General parameters, always required:

  • method Upload method to employ: [filesystem, galaxy, s3, irods]. Defaults to local filesystem.

  • dir Local filesystem directory to copy to.

Galaxy parameters:

  • galaxy_url URL of the Galaxy instance to upload to. Upload assumes you are able to access a shared directory also present on the Galaxy machine.

  • galaxy_api_key User API key to access Galaxy: see the Galaxy API documentation.

  • galaxy_library Name of the Galaxy Data Library to upload to. You can specify this globally for a project in upload or for individual samples in the sample details section.

  • galaxy_role Specific Galaxy access roles to assign to the uploaded datasets. This is optional and will default to the access of the parent data library if not supplied. You can specify this globally for a project in upload or for individual samples in the sample details section. The Galaxy Admin documentation has more details about roles.

Here is an example configuration for uploading to a Galaxy instance. This assumes you have a shared mounted filesystem that your Galaxy instance can also access:

upload:
  method: galaxy
  dir: /path/to/shared/galaxy/filesystem/folder
  galaxy_url: http://url-to-galaxy-instance
  galaxy_api_key: YOURAPIKEY
  galaxy_library: data_library_to_upload_to

Your Galaxy universe_wsgi.ini configuration needs to have allow_library_path_paste = True set to enable uploads.

S3 parameters:

  • bucket AWS bucket to direct output.

  • folder A folder path within the AWS bucket to prefix the output.

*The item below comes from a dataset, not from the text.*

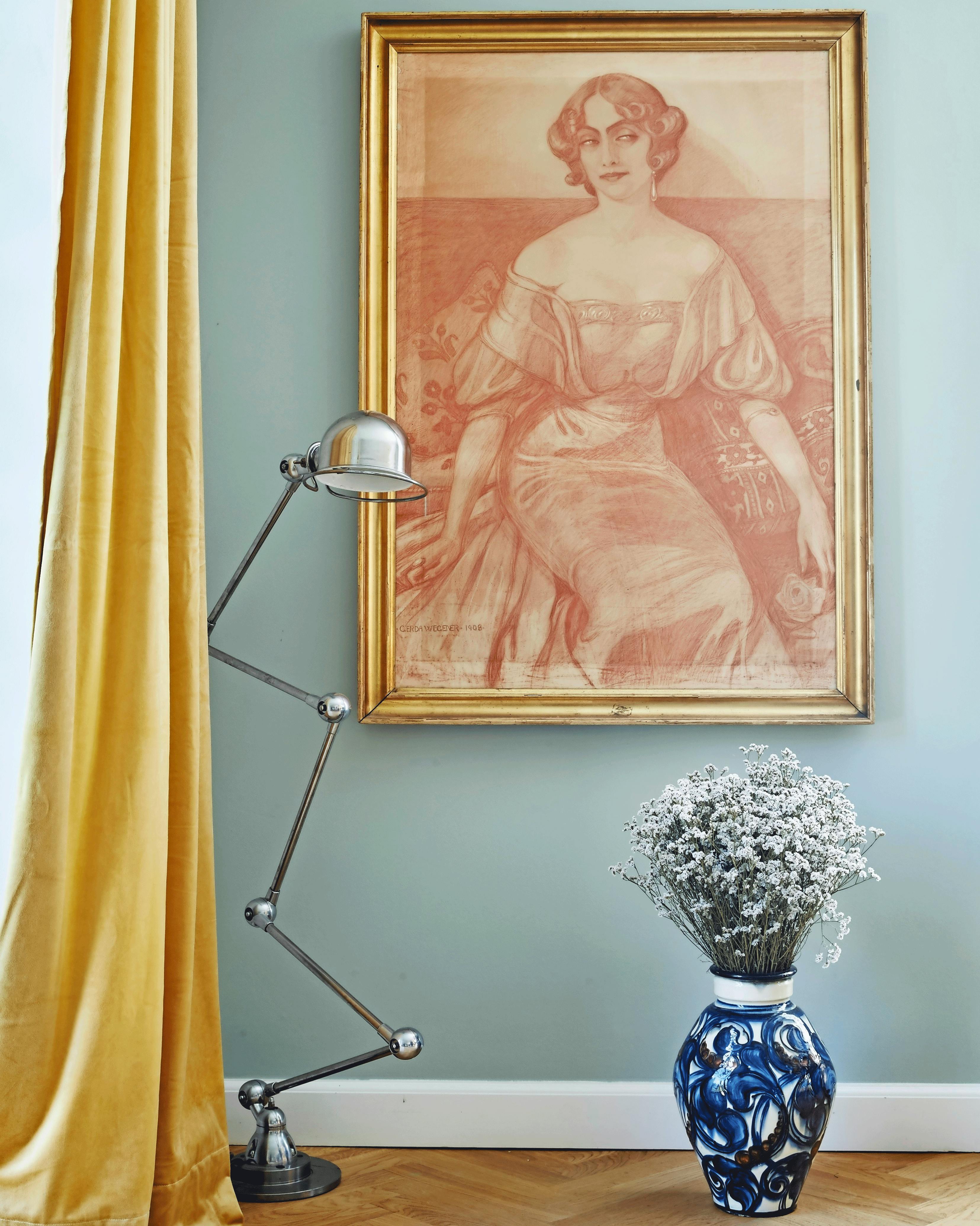 Store malerier kan komme endnu mere i fokus ved at blive hængt langt nede på væggen. Normalt er den gyldne regel, at billeder skal hænge med midten i øjenhøjde, så en tredjedel er over og to tredjedele under synshøjden. Lampen er fra Jieldé.

  • region AWS region name to use. Defaults to us-east-1

  • reduced_redundancy Flag to determine if we should store S3 data with reduced redundancy: cheaper but less reliable [false, true]

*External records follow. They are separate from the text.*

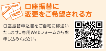 「口座振替」は、お客さまの預金口座から自動的に毎月、当社指定の振替日にお支払いいただきます。当社所定の申込書または金融機関所定の申込書によりお申し込みください。
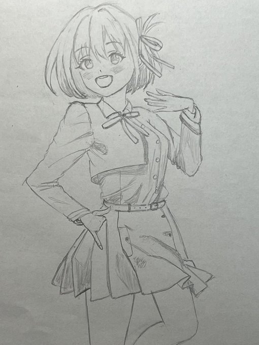 こんばんは✨✨*\(^o^)/* 今日の練習落書きはリコリコのちさとちゃんです✨ 苦手なポーズなので練習しました✨ 頑張りましたᕦ(ò_óˇ)ᕤ✨✨✨✨✨ #絵描きさんと繋がりたい #絵描きさんフォロバ100 #絵柄が好みって人にフォローされたい #練習 #落書き #ちさとちゃん
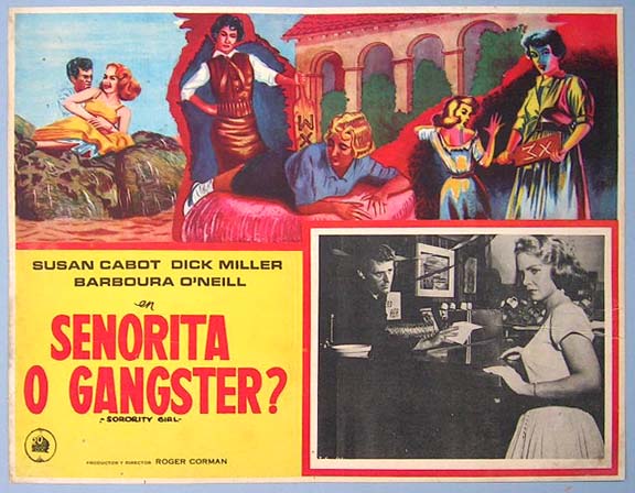 Beautiful Mexican jumbo lobby card (12x15.5") from the 1957 AIP bad girl / exploitation film, SORORITY GIRL, which starred Susan Cabot, Dick Miller, Barboura Morris, June Kenney, Barbara Crane, Fay Baker, Jeane Wood, Joan Lora, Jay Sayer, Beach Dickerson, Shirley Cleveland, Donna Leary and Laurine Hastings. The film was directed by Roger Corman. $25 each
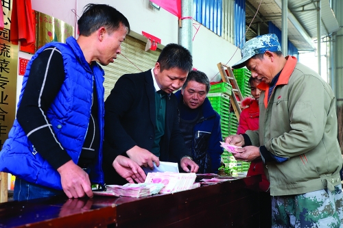 12月13日,在高田村委田心自然村举行的种植收益发放仪式上,村民放起了鞭炮,舞起了狮子,唱起了欢快的彩调,载歌载舞庆祝一年的丰收。

For S3 access credentials, set the standard environmental variables, AWS_ACCESS_KEY_ID, AWS_SECRET_ACCESS_KEY, and AWS_DEFAULT_REGION or use IAM access roles with an instance profile on EC2 to give your instances permission to create temporary S3 access.

iRODS parameters:

  • folder Full directory name within iRODS to prefix the output.

  • resource (optional) iRODS resource name, if other than default.

Example configuration:

upload:
  method: irods
  dir: ../final
  folder: /irodsZone/your/path/
  resource: yourResourceName

Uploads to iRODS depend on a valid installation of the iCommands CLI, and a preconfigured connection through the iinit command.

Globals

You can define files used multiple times in the algorithm section of your configuration in a top level globals dictionary. This saves copying and pasting across the configuration and makes it easier to manually adjust the configuration if inputs change:

globals:
  my_custom_locations: /path/to/file.bed
details:
  - description: sample1
    algorithm:
      variant_regions: my_custom_locations
  - description: sample2
    algorithm:
      variant_regions: my_custom_locations

Logging

Bcbio creates 3 log files:

  • bcbio-nextgen.log High level logging information about the analysis. This provides an overview of major processing steps and useful checkpoints for assessing run times.

  • bcbio-nextgen-debug.log Detailed information about processes including stdout/stderr from third party software and error traces for failures. Look here to identify the status of running pipelines or to debug errors. It labels each line with the hostname of the machine it ran on to ease debugging in distributed cluster environments.

  • bcbio-nextgen-commands.log Full command lines for all third party software tools run.

  • Default location for log files is work/log directory. Also 2 logs are saved in final/project

  • log_dir: /path/to/logs in /bcbio/galaxy/bcbio-system.yaml sets logging destination for all projects.

Persistence

Every pipeline has multiple steps. Bcbio saves intermediate results in the work directory. If a step has been successfully finished (alignment bam file is generated, variants vcf is calculated, purecn normal db is generated), and the pipeline failed one of the subsequent steps, then upon re-running the pipeline, the finished steps would not be re-calculated. If you’d like to re-generate data for a particular step, simply remove the corresponding work/step folder, for example, remove work/gemini if you’d like to re-generate a gemini database or purecn normaldb.